'The Kid's Like Me:' Everything Kobe Bryant Said About His Daughter, Gianna, and Her Love of Basketball

Allen Berezovsky/Getty
Allen Berezovsky/Getty

Kobe Bryant and his 13-year-old daughter Gianna died on Sunday in a tragic helicopter crash in Calabasas, California. The death of the basketball legend has rocked not only sports fans, but people around the globe.

As much as he was a star, he was an all-star father. The 41-year-old shared four daughters with his wife, Vanessa Bryant: Natalia, 17, Gianna, 13, Bianka, 3, and Capri, born last June.

His daughter, Gianna, who also went by Gigi, had dreams of joining the WNBA and following in her father’s footsteps. The former Lakers player even coached her team at the Mamba Sports Academy, a training center that he opened. Bryant and his daughter were on their way to the training center when their helicopter crashed, killing the nine people onboard.

It is no secret that Bryant was proud of all of his daughters. His Instagram had become an account for sharing videos of both Gianna and his eldest, Natalia, playing sports. Gianna, though, truly shared her dad’s love of basketball and was “getting better every day.”

Bryant told Extra in July 2017, “[Gianna]’s pretty fierce. She loves playing, she loves shooting. She came to me last summer and asked if I would teach her the game a little bit, so she really just started playing, but she picked up things innately.”

And he told Jimmy Kimmel in 2018 that his daughter was looking forward to continuing his legacy and indeed had plans to join the WNBA.

Bryant said that she was quick to remind people of her plan: “[Gianna] will be standing next to me, and [fans] will be like, ‘You gotta have a boy. You and [wife Vanessa] gotta have a boy, you gotta have somebody carry on the tradition, the legacy.’ And she’s like, ‘Oh! I got this. Don’t need no boy for that! I got this.’ ”

The pair had a particularly special bond. Tethered by not just blood, but a love of the game, Gianna accompanied Bryant to games, even going viral after being caught on camera getting some advice from her father at a game between the Atlanta Hawks and the Brooklyn Nets.

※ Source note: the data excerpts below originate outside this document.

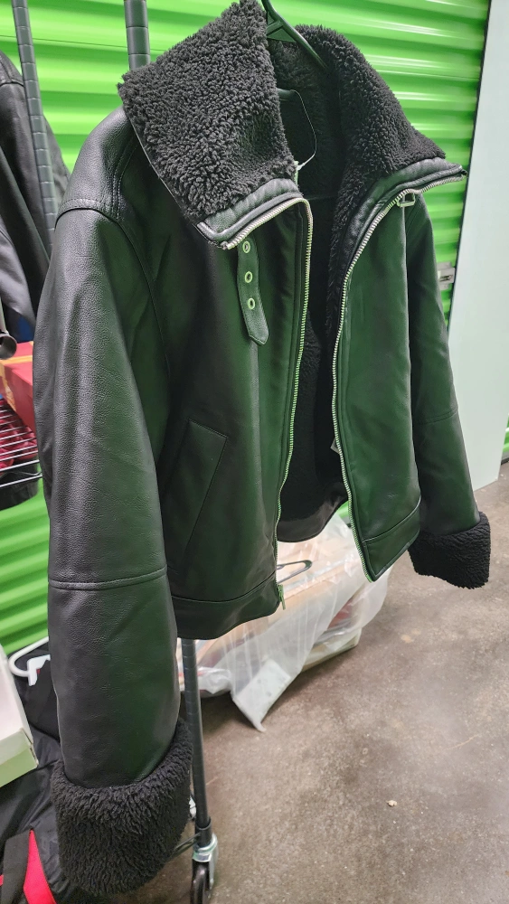 Cozy up in this stylish GAP black faux leather jacket! It features a soft sherpa lining and a sleek design. The jacket is size SP. The lining is made with 30% recycled polyester.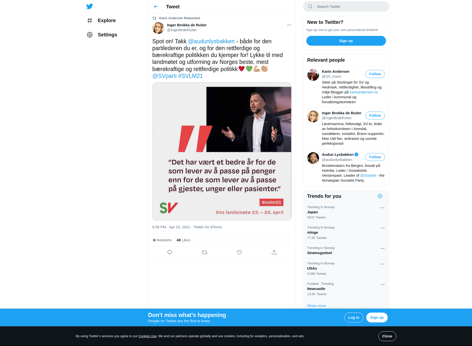 RT @IngerBrdeRuiter: Spot on! Takk @audunlysbakken - både for den partilederen du er, og for den rettferdige og bærekraftige politikken du kjemper for! Lykke til med landmøtet og utforming av Norges beste, mest bærekraftige og rettferdige politikk♥️💚💪🏽👏🏽 @SVparti #SVLM21 https://t.co/cN03ARmlzt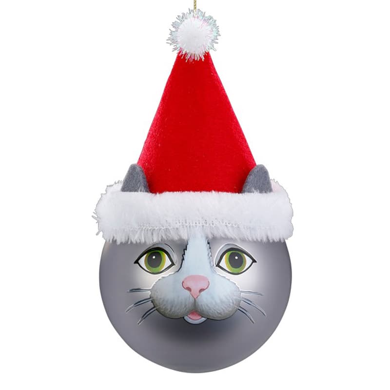Deze leuke grijze kat is één van onze huisdieren met kerstmuts, een schattige aanwinst voor in de boom!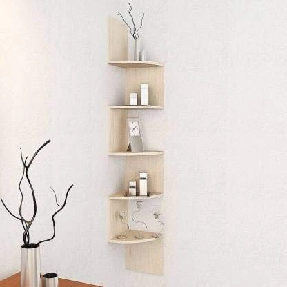 CraftOnline Wooden Laminated finish Fancy Zigzag Wall Mounted Corner Shelf Off white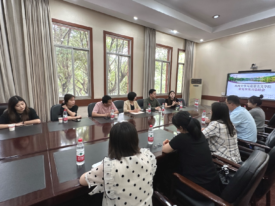 为深入了解学院研究生在外实习期间的具体情况和工作表现,加强与实习单位的沟通交流。5月30日下午,西南大学365英国上市集团与重庆清华中学在清华中学任敢楼一会议室举行了研究生实习总结会。学院党委副书记、纪委书记曾艳、清华中学德体艺卫处主任陈坦、教务处副主任侯小艳出席,实习指导老师张亮、辅导员黄林、清华中学政治组教师代表张晓燕、吴前芳以及四位实习生一起参与本次实习总结会。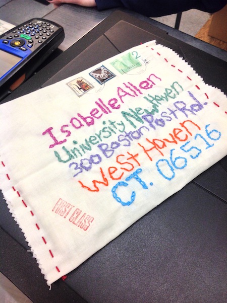 My pièce de résistance of happy mail came about shortly after Thanksgiving break. We got a robo call from the university telling us an unidentified male had been spotted on campus with guns. This is absolutely the last call any parent wants to receive. Thankfully a Good Samaritan spotted the young man with his weapons and called it in to 911. One person, who was in the right place at the right time, did the right thing and notified the authorities. The police were able to quickly apprehend the suspect, and a building-by-building search found no accomplices. How to express your overwhelming gratitude for what could have been a horrid situation? I baked some more and then spent a few days embroidering a letter to Isabelle. My inspiration was this piece of pigeon mail.
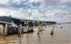 In Ca Mau province, four riverside houses in Nam Can district have just collapsed into the river, causing damage of over 140 million VND. Fortunately, no human damage.
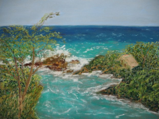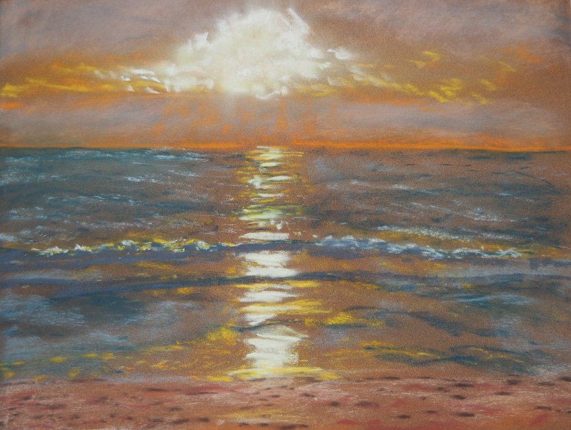 Fragilité du bâtonnet friable, cassable, tenu entre le pouce et l’index en prolongement des doigts, comme un crayon, un stylo ou un pinceau, pour extérioriser la pensée et le désir d’exprimer le monde, les couleurs du monde, l’éclat du monde, la beauté du monde, le premier matin du monde, les fragilités du monde, les petites constructions humaines blotties dans les interstices du monde, l’immense du monde et son mystère insondable, ses sources de lumière et ses zones obscures, la neige éternelle au sommet des montagnes, le surgissement infini des vagues de l’océan, les vastes prairies, les nuages dans le ciel, les moindres variations de la lumière reproduites par la fine poussière crayeuse des bâtonnets de pastel!… A la source de l’enfance, les premières craies du tableau noir, blanches ou de couleur, les doigts qui dessinent des formes ou tracent des lignes d’écriture en tapotant le support rigide, l’éponge qui efface, les frises de lettres tracées au crayon de bois sur les pages du premier cahier, mots initiaux, premiers pas de l’écriture, le moi se découvre agissant sur le monde en écrivant-dessinant, couple indissociable de l’écriture-dessin, magie de la phrase ou de l’image se faisant-défaisant, les mots et les couleurs re-créent le monde, émotion première de l’enfant émerveillé qui ressaisit l’adulte quand ses craies de pastel déposent leurs pigments sur le support granulé qui les accroche… Le dessin ou le texte en devenir suspendu dans le vide d’une page blanche ou d’un support monochrome se couvre peu à peu d’assemblages de mots ou de poussière colorée, un nouveau monde est en gestation, des étoiles, des planètes et des soleils prennent forme, un vent intersidéral fait valser la poussière, du chaos émerge des harmonies de sons ou de couleurs dévoilées par la danse d’un simple bâtonnet tenu entre les doigts…

Lenny Ignelzi/AP/Shutterstock
Lenny Ignelzi/AP/Shutterstock

The legendary basketball player told the LA Times of Gianna’s love of basketball, “What I love about Gigi is her curiosity about the game. She’s very curious. Even in a heated situation in a game where it’s going back and forth, she can detach herself and come to me and ask a very specific question, which is not common. She’ll come over and say, ‘OK, on this particular trap when I’m trying to close the gap but she’s getting on the outside, do I need to change my angle?’ It’s a very specific question. That’s pretty damn cool.”

Allen Berezovsky/Getty
Allen Berezovsky/Getty

In 2014, Bryant told a story to The New Yorker about his daughter, revealing that it wasn’t just talent for the sport that he and Gigi shared — she also shared his temperament. While playing a game of Candy Land, Bryant had to decide whether or not to let his then 3-year-old daughter win. He said, “She obviously can see that I can win, so she’ll know that I’m not winning on purpose. Then what’s that teaching? So I just play the game, I win — and the kid goes ape s—. She knocked the board over. ‘Baaaaaaa!’ I was, like, ‘S—, the kid’s like me. Damn it.’ “

Harry How/Getty
Harry How/Getty

The five-time NBA champion retired from basketball in 2016, but said of watching his first Lakers game since retirement, with his daughter: “We just had so much fun because it was the first time I was seeing the game through her eyes. It wasn’t me sitting there, you know, as an athlete or a player or something like that, and you know it’s like about me, and I don’t like that. It was her, she was having such a good time.”

Maxx Wolfson/Getty
Maxx Wolfson/Getty

Bryant is survived by Vanessa, 37, and their three other daughters Natalia, 17, Bianka, 3, and Capri, 7 months.